**Action item**
What you return must be every line from the beginning of the data through the line holding "所以在kotlin中的字符串", unchanged.

**Data for analysis**

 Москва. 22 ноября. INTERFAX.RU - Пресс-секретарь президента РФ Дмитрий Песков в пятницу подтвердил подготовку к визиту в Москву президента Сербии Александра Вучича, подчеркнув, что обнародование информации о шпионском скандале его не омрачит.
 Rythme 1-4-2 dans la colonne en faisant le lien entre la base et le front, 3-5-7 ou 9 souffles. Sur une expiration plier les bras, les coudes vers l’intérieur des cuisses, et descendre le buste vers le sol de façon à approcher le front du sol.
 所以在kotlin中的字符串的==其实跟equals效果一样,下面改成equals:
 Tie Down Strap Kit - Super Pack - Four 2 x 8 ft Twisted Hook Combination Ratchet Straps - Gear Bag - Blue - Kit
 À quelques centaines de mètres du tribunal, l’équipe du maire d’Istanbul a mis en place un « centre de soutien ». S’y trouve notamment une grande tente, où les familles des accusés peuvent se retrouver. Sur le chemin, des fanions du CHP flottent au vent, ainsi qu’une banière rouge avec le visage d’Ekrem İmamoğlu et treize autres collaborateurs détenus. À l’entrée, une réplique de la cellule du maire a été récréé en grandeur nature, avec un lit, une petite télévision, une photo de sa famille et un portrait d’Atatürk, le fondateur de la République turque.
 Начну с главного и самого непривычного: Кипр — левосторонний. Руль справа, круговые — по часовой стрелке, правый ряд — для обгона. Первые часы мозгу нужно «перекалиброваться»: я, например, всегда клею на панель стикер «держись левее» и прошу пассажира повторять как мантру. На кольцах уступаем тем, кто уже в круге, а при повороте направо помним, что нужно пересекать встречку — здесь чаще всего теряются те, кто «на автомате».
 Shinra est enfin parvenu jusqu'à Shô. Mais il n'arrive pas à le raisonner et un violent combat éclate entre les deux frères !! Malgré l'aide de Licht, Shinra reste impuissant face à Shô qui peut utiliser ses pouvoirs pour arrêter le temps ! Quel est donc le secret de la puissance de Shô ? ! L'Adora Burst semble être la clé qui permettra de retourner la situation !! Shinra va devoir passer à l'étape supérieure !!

**Solved problem**
 Москва. 22 ноября. INTERFAX.RU - Пресс-секретарь президента РФ Дмитрий Песков в пятницу подтвердил подготовку к визиту в Москву президента Сербии Александра Вучича, подчеркнув, что обнародование информации о шпионском скандале его не омрачит.
 Rythme 1-4-2 dans la colonne en faisant le lien entre la base et le front, 3-5-7 ou 9 souffles. Sur une expiration plier les bras, les coudes vers l’intérieur des cuisses, et descendre le buste vers le sol de façon à approcher le front du sol.
 所以在kotlin中的字符串的==其实跟equals效果一样,下面改成equals:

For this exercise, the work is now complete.